Venizelos v. Oceania Maritime Agency, Inc.

Decision Date13 January 2000
Citation268 A.D.2d 291,702 N.Y.S.2d 17
PartiesCATHERINE VENIZELOS et al., Respondents,<BR>v.<BR>OCEANIA MARITIME AGENCY, INC., et al., Appellants.
CourtNew York Supreme Court — Appellate Division

Concur — Sullivan, J. P., Williams, Rubin, Buckley and Friedman, JJ.

In this dispute between members of a ship-owning family, the trial court found that defendant Mourginakis, who was entrusted with management of the family business by reason of being the family's only male member, managed the business in a manner intended to divest plaintiffs, his aunt and female cousins, of their interests therein. Upon the basis of this finding, which is not challenged on appeal and was largely uncontested at trial, the trial court awarded plaintiffs damages in their individual capacities in proportion to their share holdings in the holding company that controlled the family's interest in various vessels. We reject defendants' argument that plaintiffs' damages were derivative, not direct, and that any award of damages should have been in favor of the holding company. Clearly, Mourginakis breached fiduciary duties he owed to plaintiffs independent of the duties he owed to the holding company (see, Post & Co. v Sidney Bitterman, Inc., 219 AD2d 214, 225; see generally, Glenn v Hoteltron Sys., 74 NY2d 386, 392), and the sole purpose and effect of his transactions with respect to the holding company, which required little active management, was to steal from plaintiffs.
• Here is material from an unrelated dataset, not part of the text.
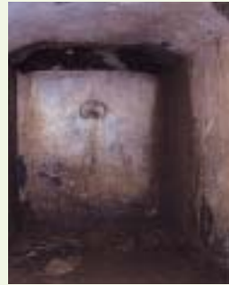
キトラ古墳石室内部

世界遺産「紀伊山地の霊場と参詣道」は「山岳霊場」と「参詣道」および周辺を取り巻く「文化的景観」が主役の聖地です。今後も引き続き、世界に誇る財産として継承し、保存・活用するとともに、徒歩で観光し滞在する観光客が増えるよう、街並みの保全等による街全体の活性化が進められています。

Plaintiffs are not seeking to vindicate their rights as stockholders but to recover their share of the family assets, which was stolen from them. Moreover, the reason for the rule requiring that damages generally be awarded to the corporation in suits brought by shareholders, even when the corporation is closely held, is to prevent impairment of the rights of the corporation's creditors whose claims may be superior to those of the innocent shareholder (Wolf v Rand, 258 AD2d 401, 403). No such concern is present here. We also reject defendants' challenge to the trial court's calculation of damages. "Since [a] breach of fiduciary duty was proved, the [trial] court may be accorded significant leeway in ascertaining a fair approximation of the loss * * * so long as the court's methodology and findings are supported by inferences within the range of permissibility" (supra, at 402; see also, Matter of Rothko, 43 NY2d 305, 323).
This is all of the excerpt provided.